Priority seats are seats in public transport vehicles that have been designated for elderly, disabled, pregnant, sick, and injured passengers, or those carrying babies, to ride public transport with an equal degree of access and comfort as other passengers. Priority seats can be found on various public transportation channels, including trains, buses, and trams. The phrase "Please offer your seat to anyone in need" is often displayed beside the seat. In most cases, there is no regulation to restrict the use of priority seats, but rather an expectation to offer one's seat to those in need.

==Objectives==
Under the principle of "Barrier Free Environment", the idea of "priority seats" was first introduced in northern Europe. Providing unimpeded, effortless access and an ideal living environment to all people is the final goal. Over the past centuries, the idea of priority seats has spread to Asian countries such as Japan, Taiwan, and Korea, in which a cultural emphasis on politeness encourages the young and able-bodied to yield their seats to those in need. Failure to do so would be regarded as disrespectful. Countries such as Australia, Malaysia, Singapore, and China have similar traditions. In addition, railways in some countries – for instance the Southern and Great Northern routes in England – allow qualifying passengers to apply for and obtain priority seat cards which they can show to fellow passengers to prove their eligibility.

Priority seats motivate people to offer seats to those with special needs. Taking the initiative to give seats to them prevent accidents when travelling on public transport. According to the Press Release of The Kowloon Motor Bus in 2011, priority seats are designed to provide people with special needs a safe and enjoyable journey. Such passengers, including the elderly and people with mobility obstacles, may face special inconveniences and difficulties during travelling. Introducing priority seats encourages individuals to bear the social responsibility of caring for others in need. The motion encourages people to be sensitive about other people's needs and take actions of empathy and altruism.

In some jurisdictions, priority seating is mandated by legislation. The Accessibility for Ontarians with Disabilities Act, 2005 in Ontario, Canada stipulates that all transport providers must provide "clearly marked courtesy seating for persons with disabilities [...] located as close as practicable to the entrance door of the vehicle".

Some disabilities are more difficult to recognize. The Toronto Transit Commission reminds everyone of the possibility that people who refuse to offer their seat may have a hidden disability that is either not likely to be recognized or a disability that is uncomfortable to discuss in public.

==In different localities==

The "yield the seat culture" has existed for many years in various countries around the world, including in ancient Sparta.

=== Australia ===
Priority seats on public transport are an aspect of Australian culture. It is expected for students with state-sponsored transport passes, who usually attend schools outside of their local area, to give up their seats to paying passengers, who are usually working adults and local residents. It is considered polite to give up seats to the elderly, though some young people do not expressly follow this custom. In Melbourne, passengers who do not concede their seats to standing passengers with special needs when asked to do so are subject to a fine of $147.61 AUD.

=== Hong Kong===
In Hong Kong, priority seats were first introduced in the MTR in 2009 with the "Priority Seats Campaign". The Smiley World Characters, large red stickers with big smiley faces, were stuck on the top of the priority seats to attract people's attention.

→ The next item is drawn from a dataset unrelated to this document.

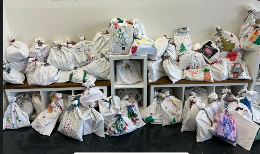 Einige der 1610 Stofftaschen, gefüllt mit Liebesgaben.

After the setup of priority seats in MTR, bus companies started to follow. Priority seats were introduced to 87 buses of the Kowloon Motor Bus Company (KMB) in May 2011, which was followed by Citybus and New World First Bus (NWFB) in June 2012. In each bus, several priority seats are located at the front of the lower deck. The headrests of such seats were green, and they are marked with the words "PRIORITY SEAT" and symbols of disabled, elderly, and pregnant people. Advertisements were also broadcast in order to raise the awareness of passengers about the priority seats. Receiving positive and supportive feedback after the 6-month trial, the KMB decided to have priority seats set up in all of its buses in 2012, as well as change their color to purple.

In minibuses, the priority seat is the closest to the door. In trams, there are a few priority seats offered near the driver in the lower deck. Furthermore, the Cathay Pacific airline offers priority seating for passengers with disabilities.

=== Japan ===
In Japanese, priority seats are usually called (優先席, yūsen-seki). In English, some Japanese operators (such as Tokyo Metro, Tokyu, Tobu, Seibu) call them "Courtesy Seats" while some others (such as the JR Group, public subways, Keio, Odakyu, Keikyu, Hankyu, Kintetsu) use "Priority Seats".

In the case of the Sapporo Municipal Subway, the seats corresponding to priority seats are labeled as "Special Seats" (専用席, sen'yō-seki), emphasizing that they are exclusively for vulnerable passengers rather than merely prioritized for them.

In Japan, the first full-scale initiative began on September 15, 1973 (which was then observed as Respect for the Aged Day), when Japanese National Railways (JNR) introduced the concept of "Silver Seats" (シルバーシート, shirubā shīto). These were first implemented on the Chūō Line (Rapid) and then gradually extended to the urban lines in Tokyo and Osaka. On the same day, Izuhakone Railway also adopted the "Silver Seat" designation on both its Sunzu and Daiyūzan Lines, using similar symbol designs.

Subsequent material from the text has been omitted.